Enterprise
Roles and Permissions
Roles define who can manage organizations, projects, keys, usage visibility, billing, and security settings.
Roles define who can manage organizations, projects, keys, usage visibility, billing, and security settings.
Current role model
| Role | Typical owner | Main responsibility |
|---|---|---|
| Admin | Platform or IT lead | Organization-wide control |
| Project Owner | Team or product lead | Project-level operations |
| Member | Developer or builder | Day-to-day API usage |
| Finance | Billing owner | Billing and invoices |
Practical access split
| Area | Admin | Project Owner | Member | Finance |
|---|---|---|---|---|
| organization settings | full | none | none | none |
| member management | full | project-scoped | none | none |
| key management | full | project-scoped | own resources only | none |
| usage visibility | full | project-scoped | own or assigned context | none |
| billing and invoices | full | none | none | finance workflows |
Project scoping matters
Project Owner and Member permissions are limited by project context:
- Project Owner manages people, keys, and usage inside the current project
- Member works only with their own or assigned project resources
Assignment guidance
| Situation | Recommended role |
|---|---|
| User must manage organization settings, SSO, members, and billing ownership | Admin |
| User owns one product team or environment | Project Owner for that project |
| User only needs to call APIs or view assigned resources | Member |
| User handles invoices, renewals, or finance review | Finance |
Separation of duties
For production organizations, avoid putting every responsibility on one shared admin account.

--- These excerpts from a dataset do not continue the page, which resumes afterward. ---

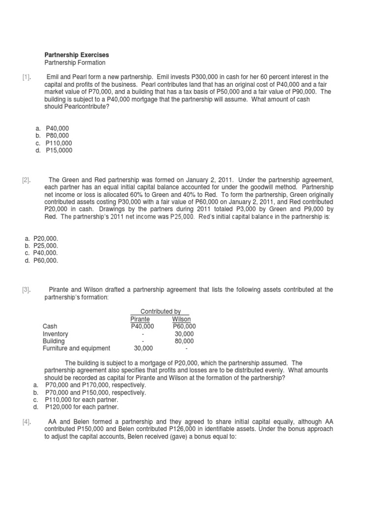 [1]. Emil and Pearl form a new partnership. Emil invests P300,000 in cash for her 60 percent interest in the
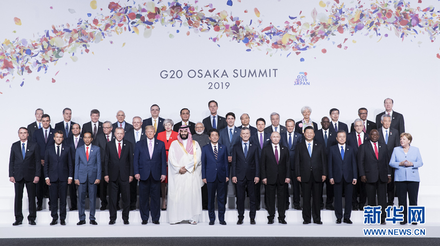 6月28日,二十國(guó)集團(tuán)領(lǐng)導(dǎo)人第十四次峰會(huì)在日本大阪舉行。國(guó)家主席習(xí)近平出席并發(fā)表題為《攜手共進(jìn),合力打造高質(zhì)量世界經(jīng)濟(jì)》的重要講話。這是習(xí)近平同其他與會(huì)領(lǐng)導(dǎo)人合影。新華社記者 黃敬文 攝
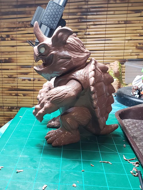 此次的「 炎龍龜」軟膠設計,尺寸高約16公分,在寬度跟厚實感來說也比隕蟲獸來得更有份量,全身上下一共有五處分件,四處可動關節。
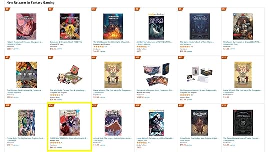 FLAMES OF FREEDOM is #14 in New Releases for Fantasy Gaming on Amazon, ranked next to Critical Role's The Mighty Nein!
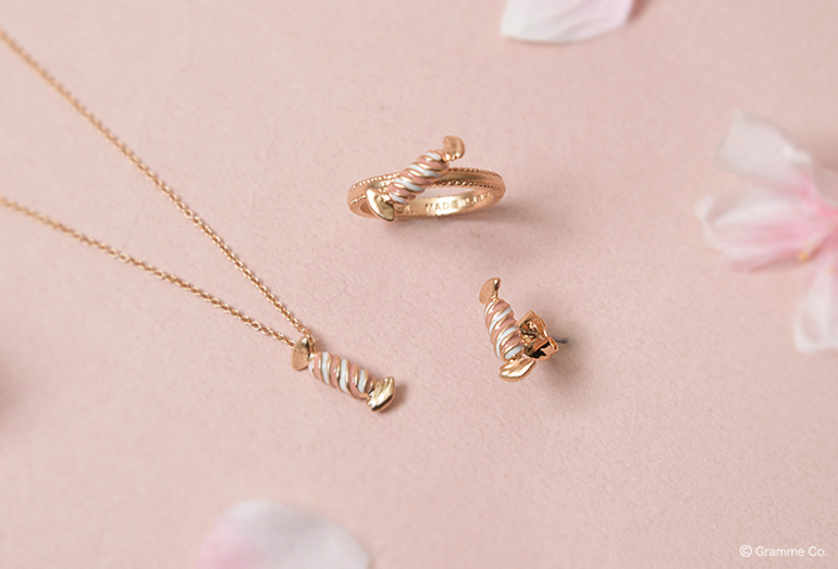 優しい桜色に染まったプチキャンディはネックレス、リング、ピアスがラインナップ。
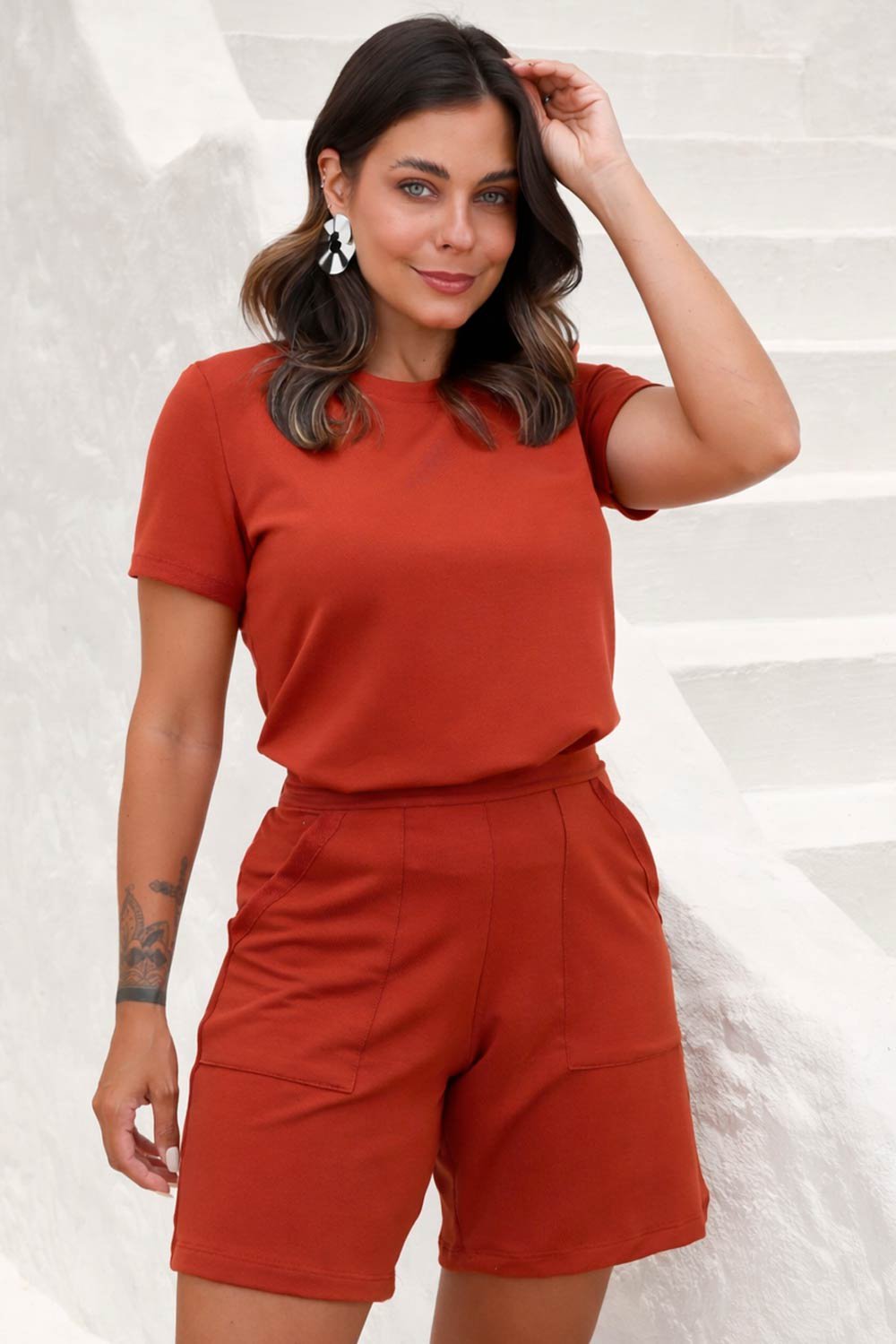 O conjunto Valéria é a escolha certa para quem busca conforto e um visual moderno em qualquer ocasião. A blusa de molecotton com manga curta e o short mais comprido, com bolsos e elástico na cintura, entregam caimento perfeito com aquele toque despojado que você ama.
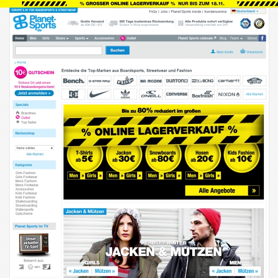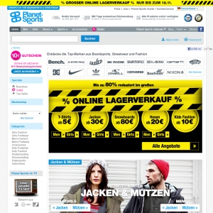 Finden Sie die Marken Ihrer Wahl und kleiden Sie sich immer aktuell. Hier können Sie sich über erstaunlich günstige Preise freuen, also worauf warten Sie noch? Am besten sehen Sie selbst und besuchen die Seite, um erste Eindrücke zu gewinnen. Nehmen Sie sich Zeit, denn das Angebot bei Planet Sports ist riesengroß.
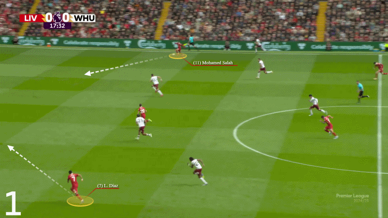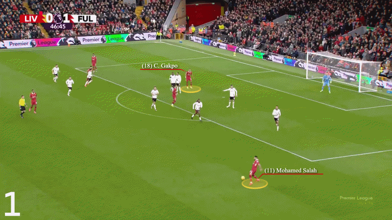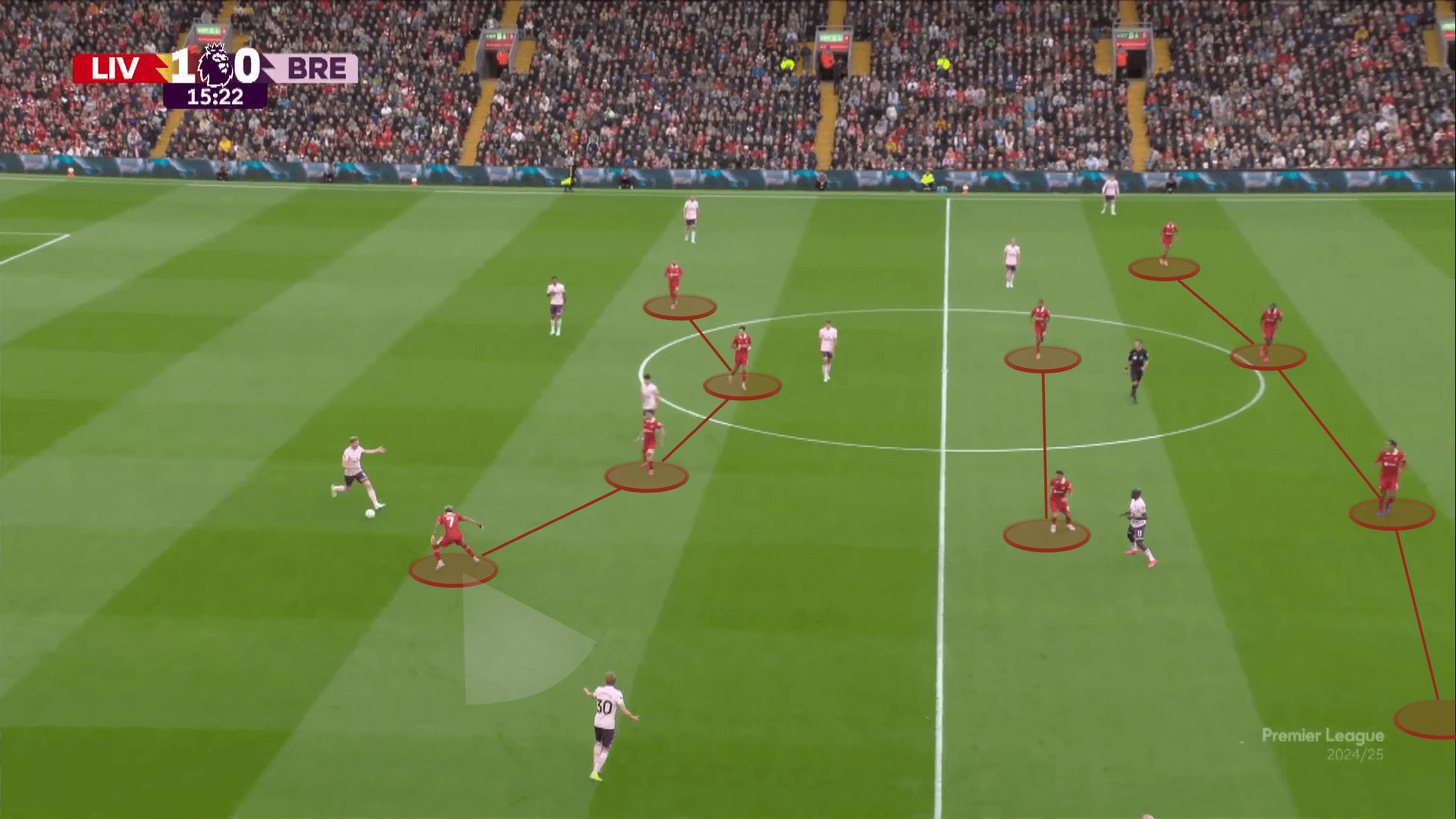Их навесы и проходы под фланги сыграли решающую роль в создании ситуаций один на один для Салаха и Коди Гакпо или Луиса Диаса на противоположном фланге. Также увеличилось количество комбинаций вингер - вингер. Передачи Салаха на дальнюю штангу на Гакпо — до того, как тот получил недавние проблемы с травмами — были постоянной темой.
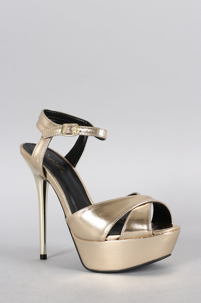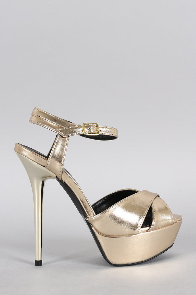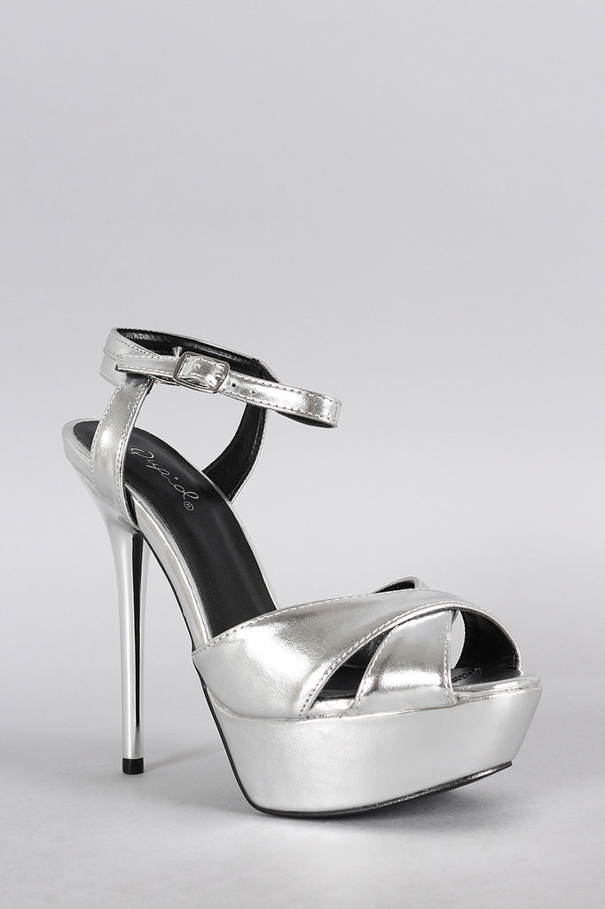 Qupid Metallic Crisscross Ankle Strap Heel
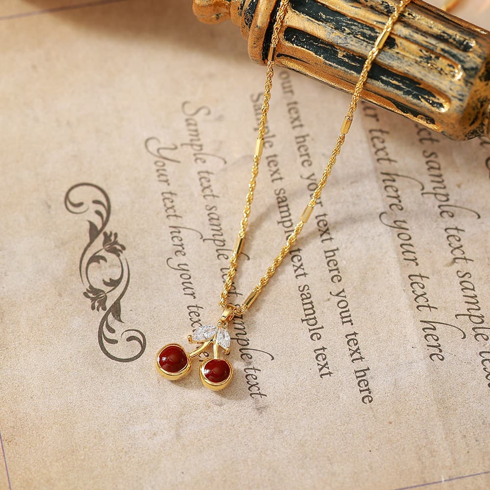 Gold-Plated Micro-Inlaid Red Cherry Double-Layer Necklace

| Duty | Recommended owner |
|---|---|
| Key creation and rotation | Admin or Project Owner |
| Day-to-day API usage | Member or service account key owned by a project |
| Billing review | Finance owner, with Admin visibility if needed |
| SSO and security policy | Admin plus security owner |
| Usage investigation | Admin for organization-wide view, Project Owner for project scope |
Access review checklist
Review role assignments regularly and after team changes:
- Remove users who no longer need access.
- Downgrade Admins who only need project-level control.
- Confirm production API keys still have a named owner.
- Confirm finance users can reach invoice and renewal workflows.
- Check that each project has at least one accountable owner.
Fine-grained permissions
The table above is an outcome-level map. Enterprise accounts may use additional fine-grained controls depending on rollout stage and account configuration.